As the friend I was at the show with pointed out, none of this was new. Listen to any renowned live jazz recording and you’ll hear crowd chatter, dishware noise, etc. (This is probably the secret history of fusion. A jazz musician, tired of not being able to hear the drummer over the sounds of a tableful of salesmen trading jokes, buys himself an amplifier. “Talk over this, motherfucker!”)

But it posed a small dilemma for me the next morning, when Ortiz and Osby sat directly behind me on the “Chunnel” train! How could I let them know I’d greatly enjoyed their set, without also blurting out that I wasn’t one of the talkers in the room? When the train pulled in to Gare du Nord, I did just that. (They were more than gracious.)
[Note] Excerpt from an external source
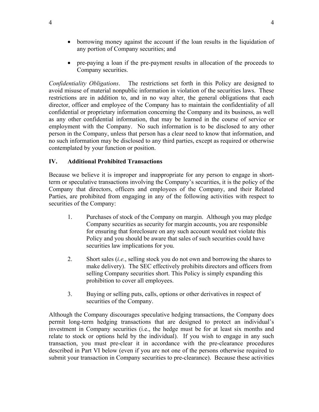 4 4 borrowing money against the account if the loan results in the liquidation of any portion of Company securities; and pre-paying a loan if the pre-payment results in allocation of the proceeds to Company securities. Confidentiality Obligations. The restrictions set forth in this Policy are designed to avoid misuse of material nonpublic information in violation of the securities laws. These restrictions are in addition to, and in no way alter, the general obligations that each director, officer and employee of the Company has to maintain the confidentiality of all confidential or proprietary information concerning the Company and its business, as well as any other confidential information, that may be learned in the course of service or employment with the Company. No such information is to be disclosed to any other person in the Company, unless that person has a clear need to know that information, and no such information may be disclosed to any third parties, except as required or otherwise contemplated by your function or position. IV. Additional Prohibited Transactions Because we believe it is improper and inappropriate for any person to engage in short- term or speculative transactions involving the Company’s securities, it is the policy of the Company that directors, officers and employees of the Company, and their Related Parties, are prohibited from engaging in any of the following activities with respect to securities of the Company: 1. Purchases of stock of the Company on margin. Although you may pledge Company securities as security for margin accounts, you are responsible for ensuring that foreclosure on any such account would not violate this Policy and you should be aware that sales of such securities could have securities law implications for you. 2. Short sales (i.e., selling stock you do not own and borrowing the shares to make delivery). The SEC effectively prohibits directors and officers from selling Company securities short. This Policy is simply expanding this prohibition to cover all employees. 3. Buying or selling puts, calls, options or other derivatives in respect of securities of the Company. Although the Company discourages speculative hedging transactions, the Company does permit long-term hedging transactions that are designed to protect an individual’s investment in Company securities (i.e., the hedge must be for at least six months and relate to stock or options held by the individual). If you wish to engage in any such transaction, you must pre-clear it in accordance with the pre-clearance procedures described in Part VI below (even if you are not one of the persons otherwise required to submit your transaction in Company securities to pre-clearance). Because these activities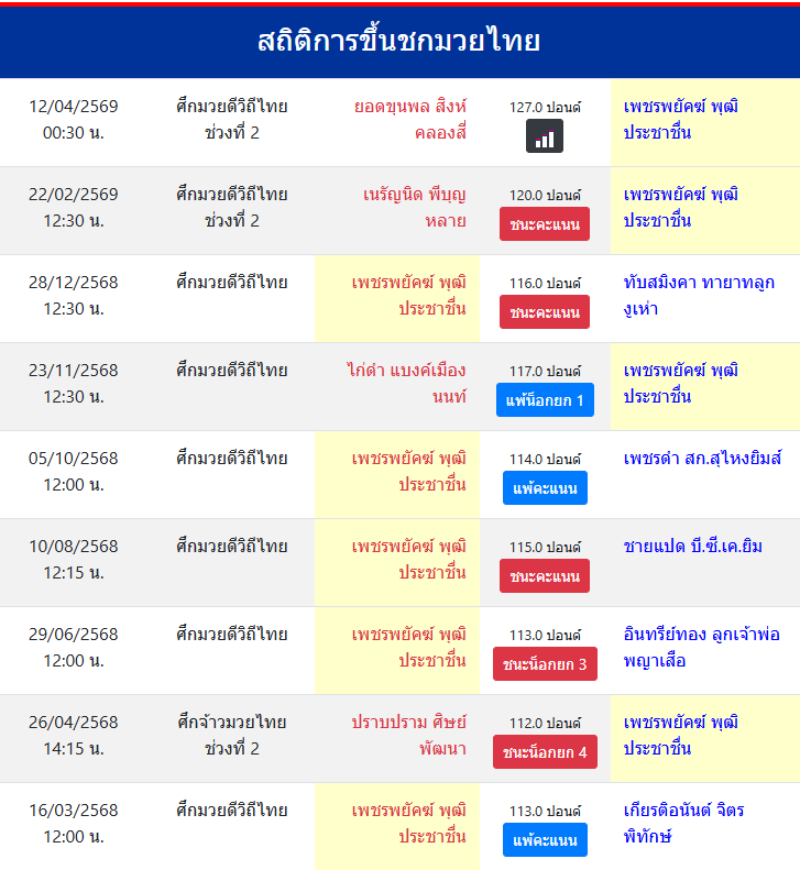 | ขึ้นชกล่าสุด | 22/2/2569 (1 เดือน 20 วัน) |

November 17th, 2011; Sunset Sunside Jazz Club, Paris; Francois & Louis Moutin w/ Rudresh Mahanthappa & Jean Michel Pilc: Francois Moutin plays bass on several of alto saxophonist Mahanthappa’s albums, and in pianist Jean Michel Pilc’s trio, but I don’t know if the three of them had ever played together before, or with Francois’s brother Louis on drums. Based on this set, I’d say no, but it was an awe-inspiring clash of styles and temperaments. Louis’s playing owed more to Charlie Watts than to Tony Williams (or, perhaps, Rudy Royston’s non-stop inventiveness was still too much on my mind). Mahanthappa switched from Indian music infused modalism to free jazz blowing and back, often leaving Pilc, whose own solos pointed to classical training and a fondness for the Romantic, sitting on his hands. Francois was a monster, up for anything. Does it sound like a mess? It was a gig. It was great. To quote the only English on the club’s menu, “Jazz is freedom.”

4 comments:

Marquis de Mores said...

"Santeria," by Sublime, no?

One of the great conflicted ska-punk love songs in all of 1996. "Believe me when I say that I got something for his punk ass, etc."

Joe said...

Thanks. Change made. I blame the Beaujolais Nouveaux.

Robert said...

I think you got the motivation for the origins of fusion just right.

M said...

Great post. But oh, what kind of fool are you -- passing up the opportunity to see Sonny Rollins~~!